• _Work required_:
The output must match the lines from the first line of the listing below through the line holding "A faux shagreen" exactly and must contain no pictures.

• _Material supplied_:

· · · · ·

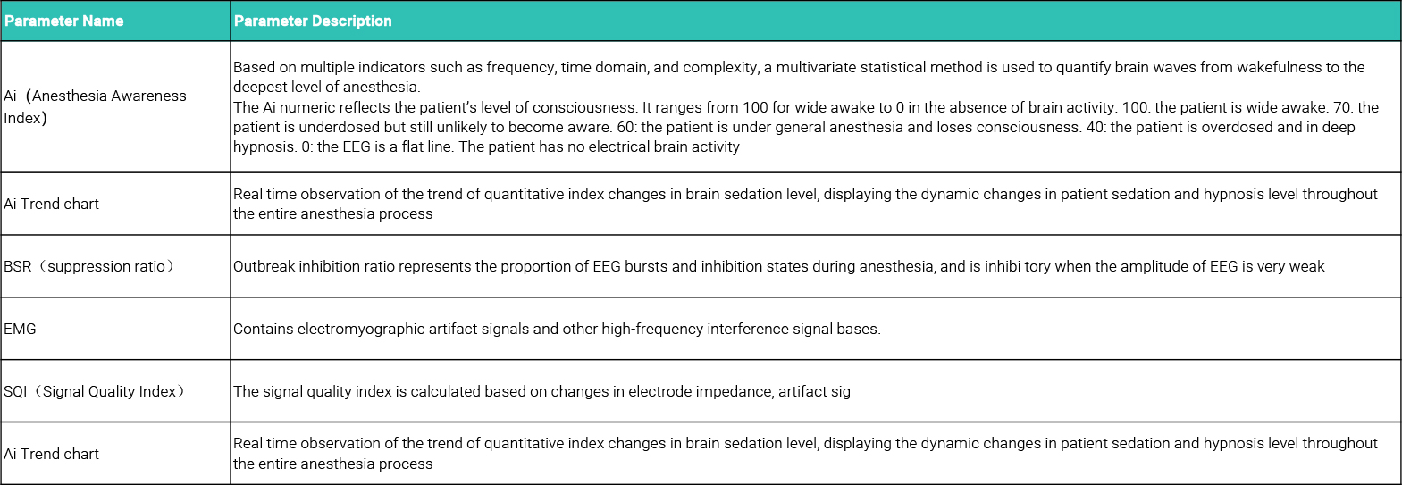Ai measurement technology has a special positive parameter calculation function. Through the time domain calculation and spectrum analysis of EEG signal, the signal quality index, EMG power and outbreak suppression ratio are calculated through the judgment of signal quality.
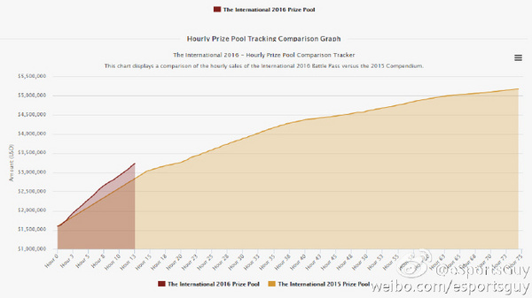 昨天晚上完美的充值出现问题,哪怕贴心的完美为保护水友们的双手果断的进行一波熔断,热情无可匹敌的Dotaer剁手的强烈意愿拦都拦不住,去国际服Steam购买也要入手小红本。就Ti6和Ti5的曲线对比,首日奖金的增长有一个明显的抬头。
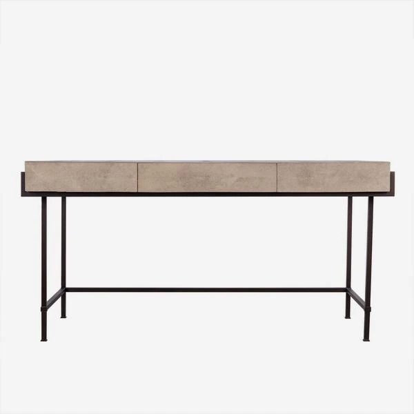 A faux shagreen top desk in cream on a slim, iron frame,
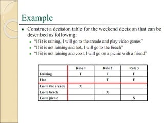 This document discusses computer aided process planning (CAPP). It outlines different CAPP approaches including manual systems, variant systems, and generative systems. It also discusses knowledge based process planning and decision tables, which are a method for representing rules to determine which actions should be taken based on different conditions and condition alternatives. Decision tables are checked for completeness, impossible situations, contradictions, and redundancy.
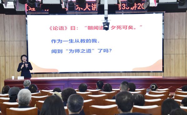 张向葵教授围绕"教师如何师人以德""教师如何求真以恒""教师如何服务社会"三个维度,结合自身40余年从教经验,系统阐述了为师之道的深刻内涵。她指出,新时代教师应当坚守教育初心,筑牢育人根本的核心要义,追求大学精神,深刻领悟创造、批判与社会服务精神的内涵,永葆教育热忱。自觉丰富文化底蕴,从中华优秀传统文化中汲取智慧,践行“仁义礼智信”与“修齐治平”的成长之道。将对标名师标准与立足教学实践相统一,将“立德树人”使命内化于心,提升职业责任感与幸福感,实现个人价值与社会价值的有机融合。
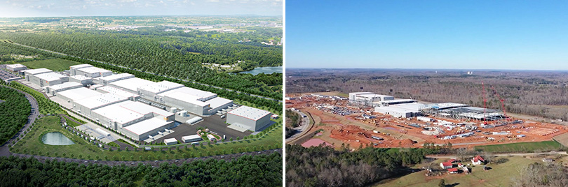 ▲ 미국 내 SK이노베이션의 배터리 1공장의 조감도(좌)와 건설되고 있는 모습(우)
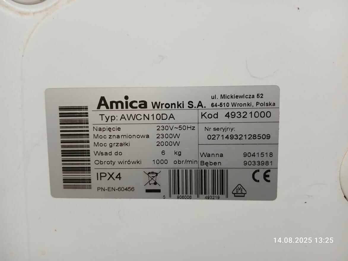 Pralka Amica AWCN10DA - uszkodzona
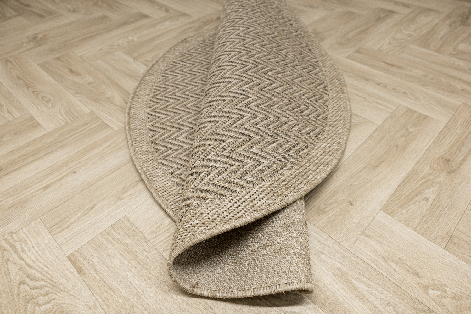 Okrągły Dywan Sznurkowy Patio 5007/170 Nature Beż Brąz Jodełka Zygzaki Outdoor
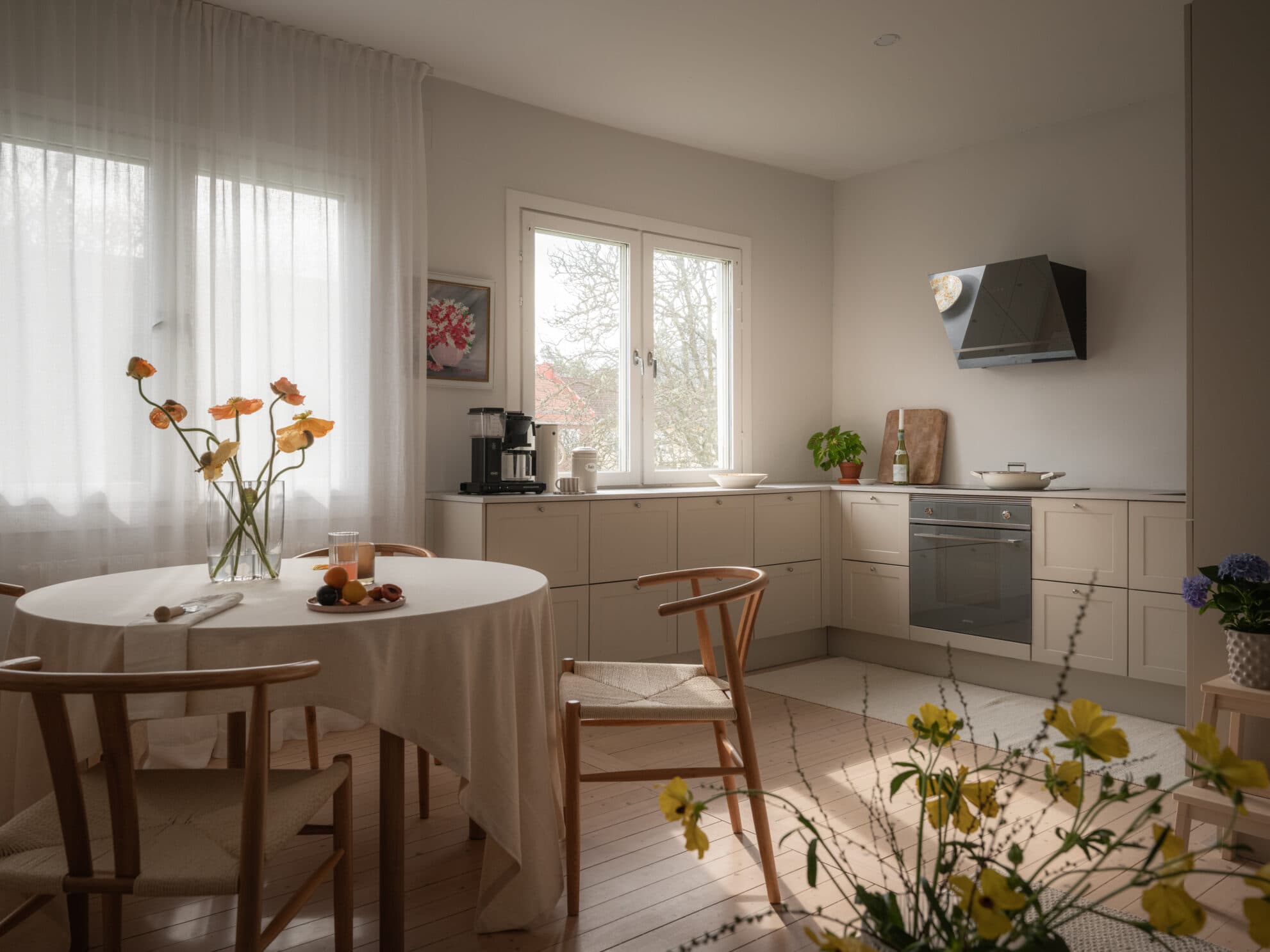Redan vid första steget in möts du av bostadens hjärta – det sociala rummet där kök och vardagsrum vackert flyter samman i en öppen och luftig planlösning. Det stilrena HTH-köket är ett riktigt drömkök för hemmakocken, med generösa arbetsytor, gott om förvaring och en genomtänkt layout som gör matlagningen till ett nöje. De släta luckorna, den smarta designen och de kvalitativa materialen ger ett sobert intryck – här förenas funktion och estetik på bästa vis. Intill fönstret ryms ett matbord för minst fyra personer, perfekt för både vardagsmiddagar och middagsbjudningar. Öppningen mot vardagsrummet skapar en levande känsla och gör det enkelt att umgås, oavsett om du står vid spisen eller slår dig ner i soffan. Det vackra brädgolvet löper enhetligt genom hela lägenheten och bidrar till bostadens charm och varma karaktär.
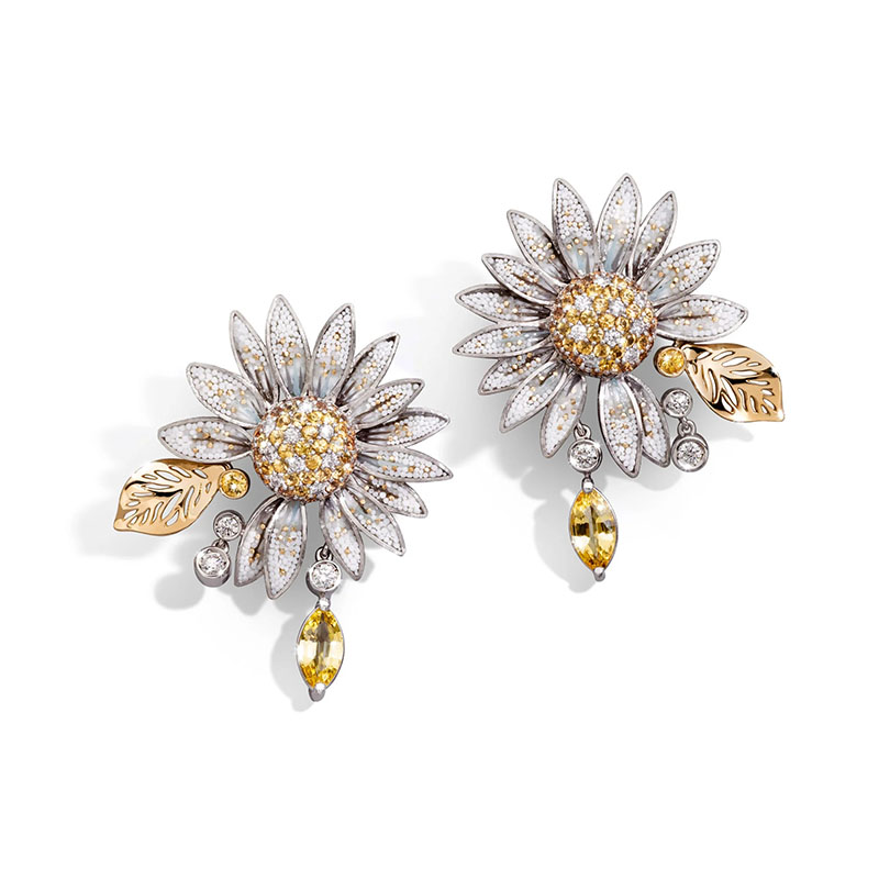 Pregătește-te să fii încântat de frumusețea colierului Daisy. Impregnat de eleganță grațioasă, realizat manual din aur alb, diamante strălucitoare și safire galbene.
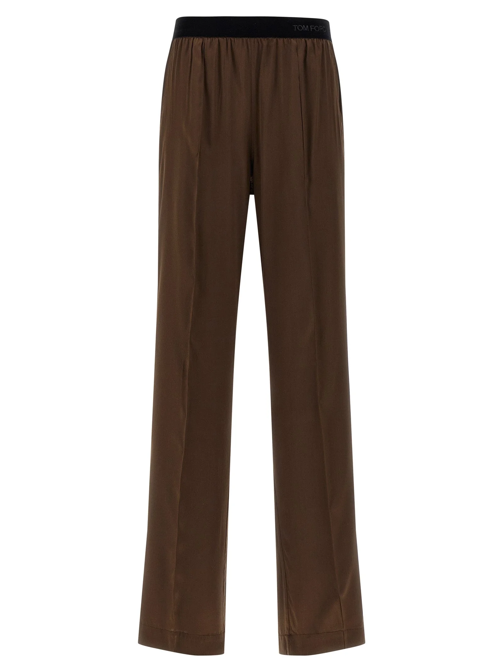 Stretch silk satin pants with pajama style, contrast velvet logo elastic band at the waist, pockets, straight leg, medium waist. - Colour: Brown - Composition: 94% silk 6% elastane - Country Of Manufacture: Italy - Dimension: true to size fit - MPN: PAW683FAX881ECD
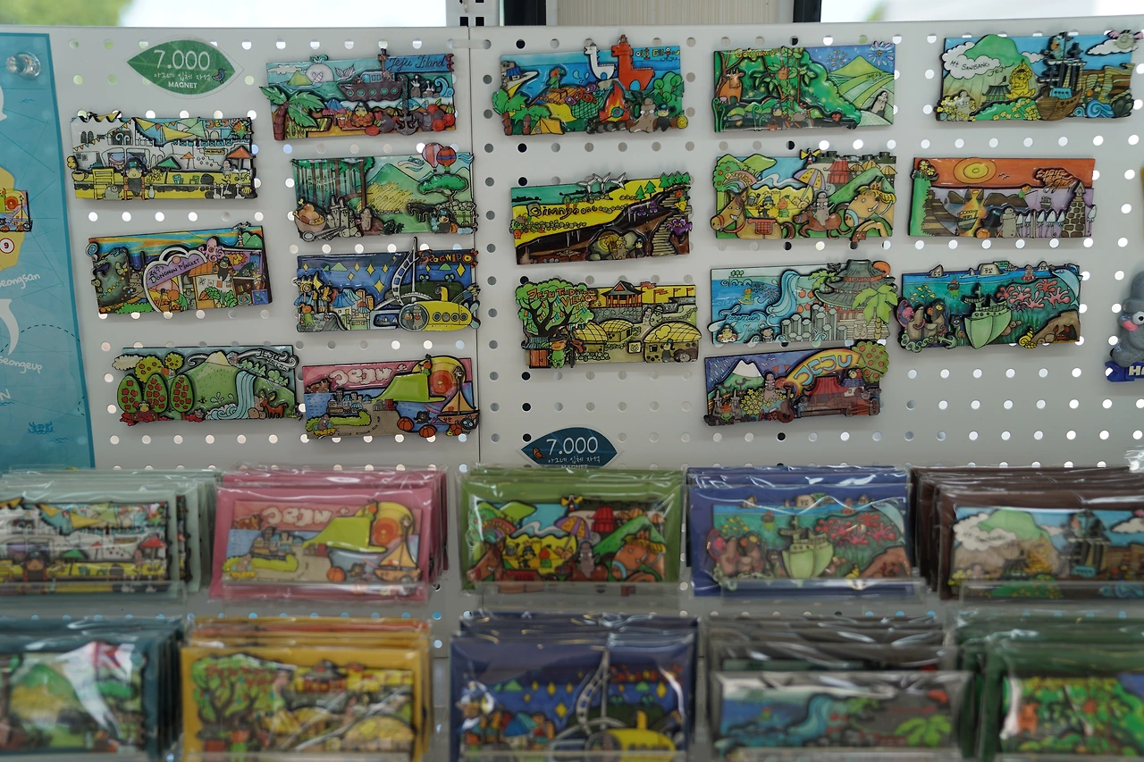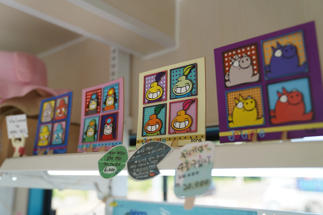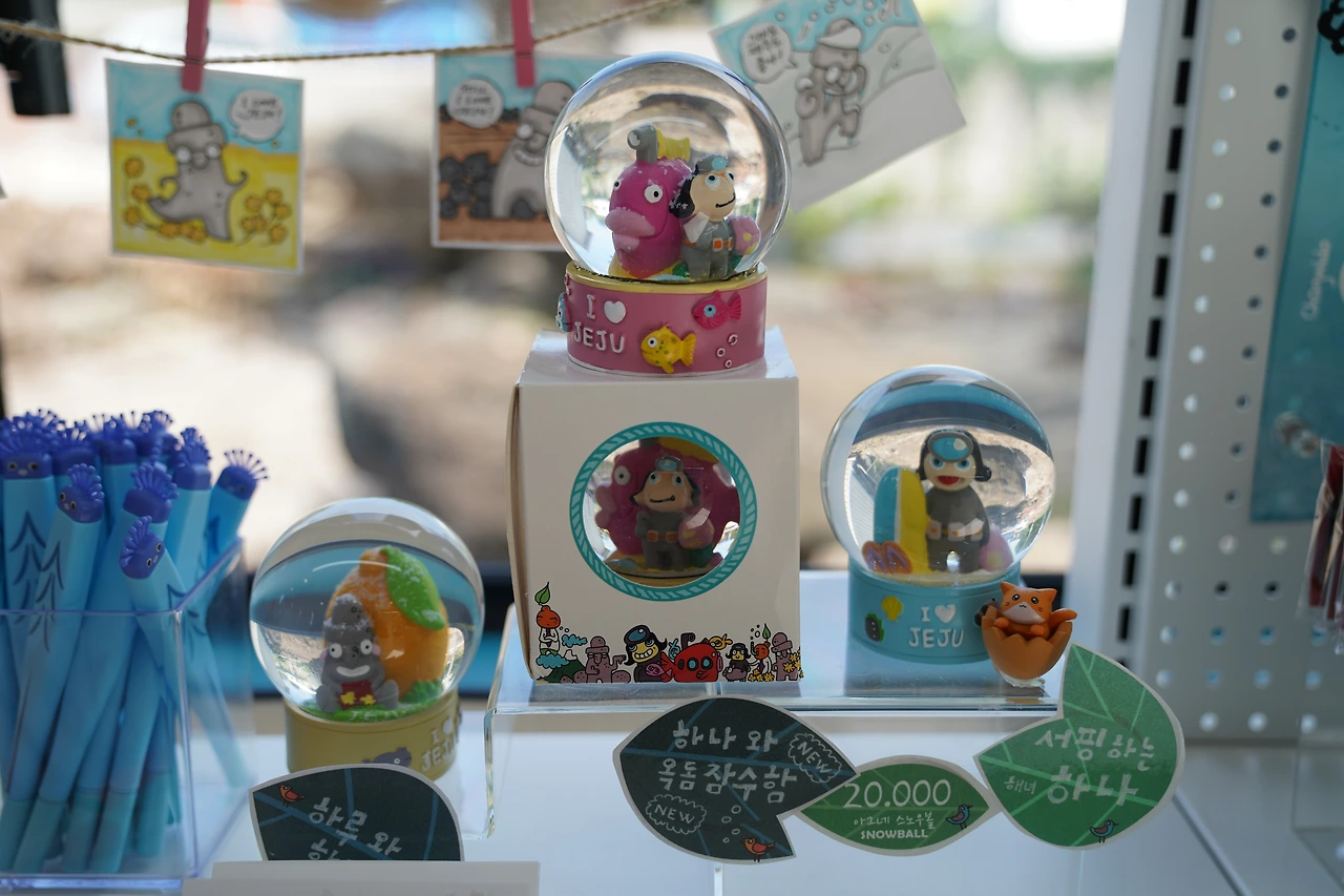 때로는 신기하고, 때로는 독특하고, 때로는 엉뚱하기도 한 아그네의 작품들과 그 안에 담기 스토리! 제주를 대표하는 17곳의 자연풍경이 담긴 마그넷, 제주 캐릭터가 담긴 스노우볼 등 여행지의 추억을 간직하고 담아갈 수 있는 기념품부터 다양한 캐릭터 상품들을 판매하고 있습니다. 단순한 기념품이 아닌 그 속에 담긴 이야기 하나하나 확인하는 재미도 있답니다.
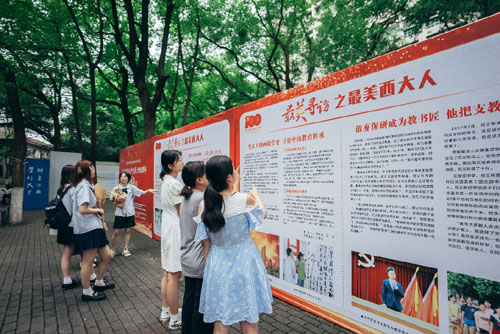 人民網(wǎng)重慶6月19日電 “這位95歲的醫(yī)生奶奶看起來好年輕!”“新聞專業(yè)的同學(xué)竟然去了四百公里遠(yuǎn)的巫溪縣做報(bào)道。”在西南大學(xué)綠意盎然的樟樹林間,八組鮮紅的巨幅展架吸引著學(xué)子們駐足觀看。從“最美初心”到“最美西大人”,從“最美建設(shè)者”到“最美奮斗者”,展板上圖文并茂的“最美”人物報(bào)道,吸引了諸多同學(xué)駐足觀看。
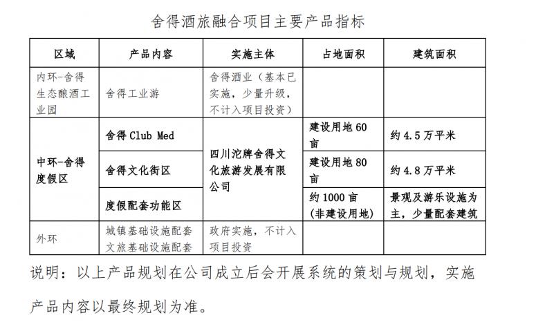 来源/《舍得酒旅融合项目可行性研究报告》截图
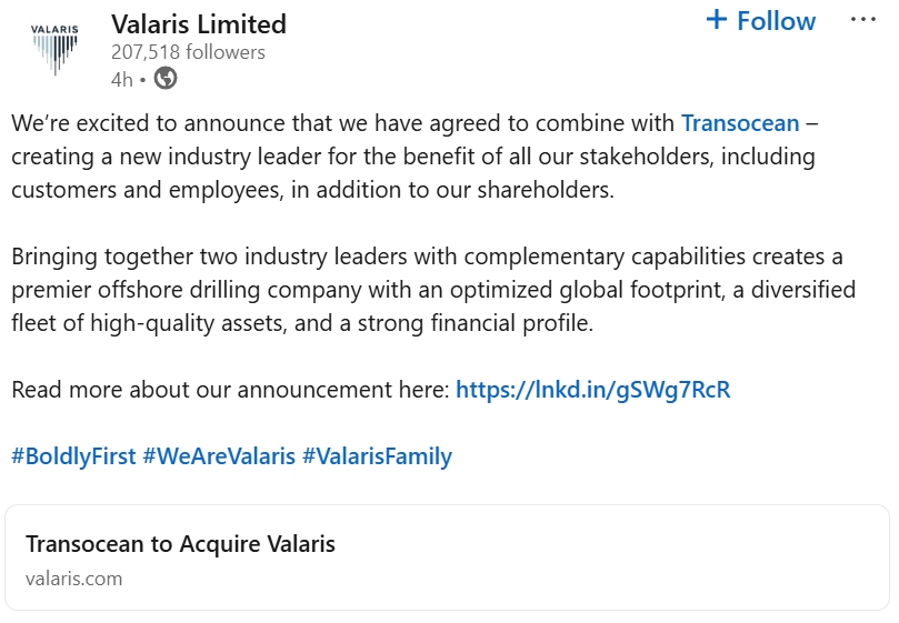 The transaction relates to the proposed business combination of Transocean and Valaris pursuant to the terms of the Business Combination Agreement, dated as of February 9, 2026, and is being made by way of a scheme of arrangement
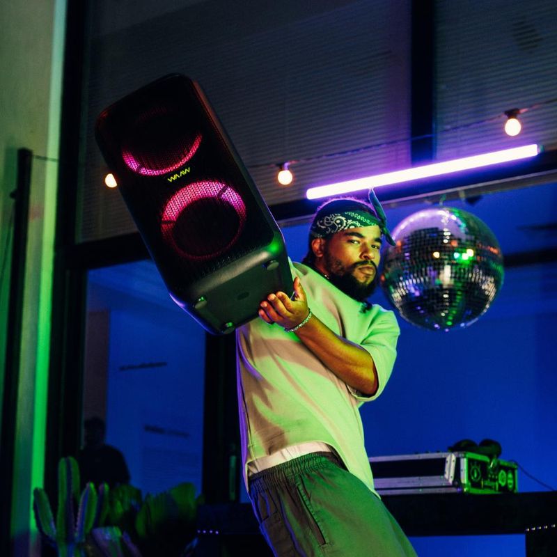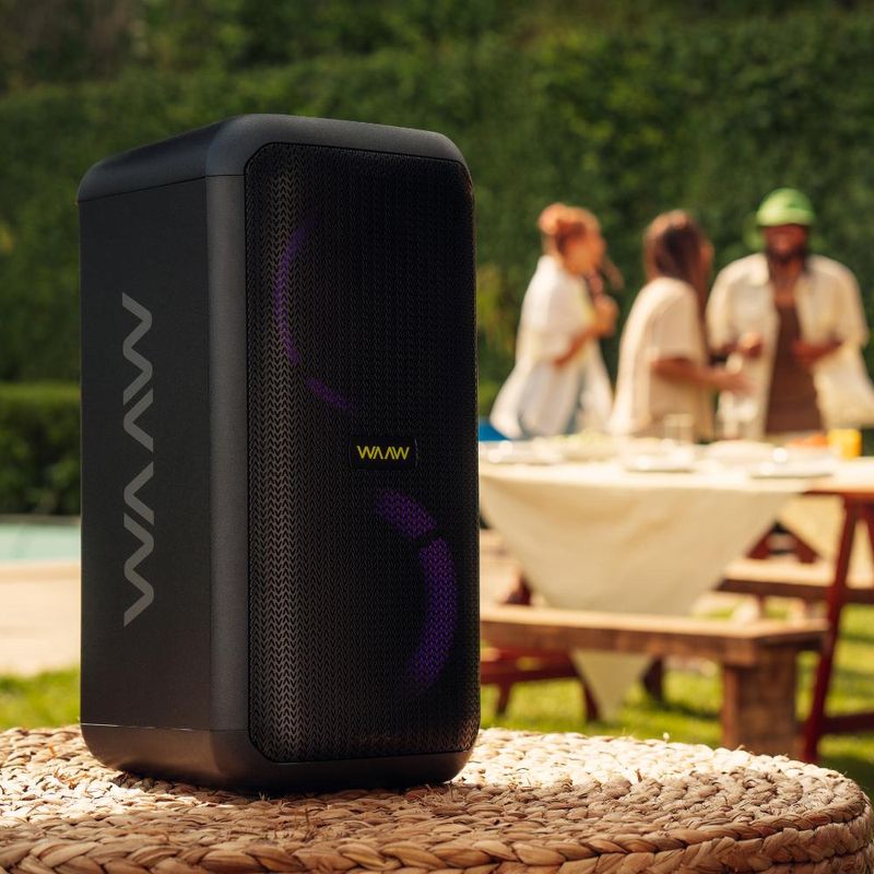 A Caixa de Som WAAW INFINITE 200 é também um espetáculo visual. Seu show de luzes dinâmico, com LEDs integrados na caixa de som, cria um ambiente visualmente impressionante que se sincroniza perfeitamente com o ritmo da música.

· · · · ·

• _Answer below_:
Ai measurement technology has a special positive parameter calculation function. Through the time domain calculation and spectrum analysis of EEG signal, the signal quality index, EMG power and outbreak suppression ratio are calculated through the judgment of signal quality.
 昨天晚上完美的充值出现问题,哪怕贴心的完美为保护水友们的双手果断的进行一波熔断,热情无可匹敌的Dotaer剁手的强烈意愿拦都拦不住,去国际服Steam购买也要入手小红本。就Ti6和Ti5的曲线对比,首日奖金的增长有一个明显的抬头。
 A faux shagreen top desk in cream on a slim, iron frame,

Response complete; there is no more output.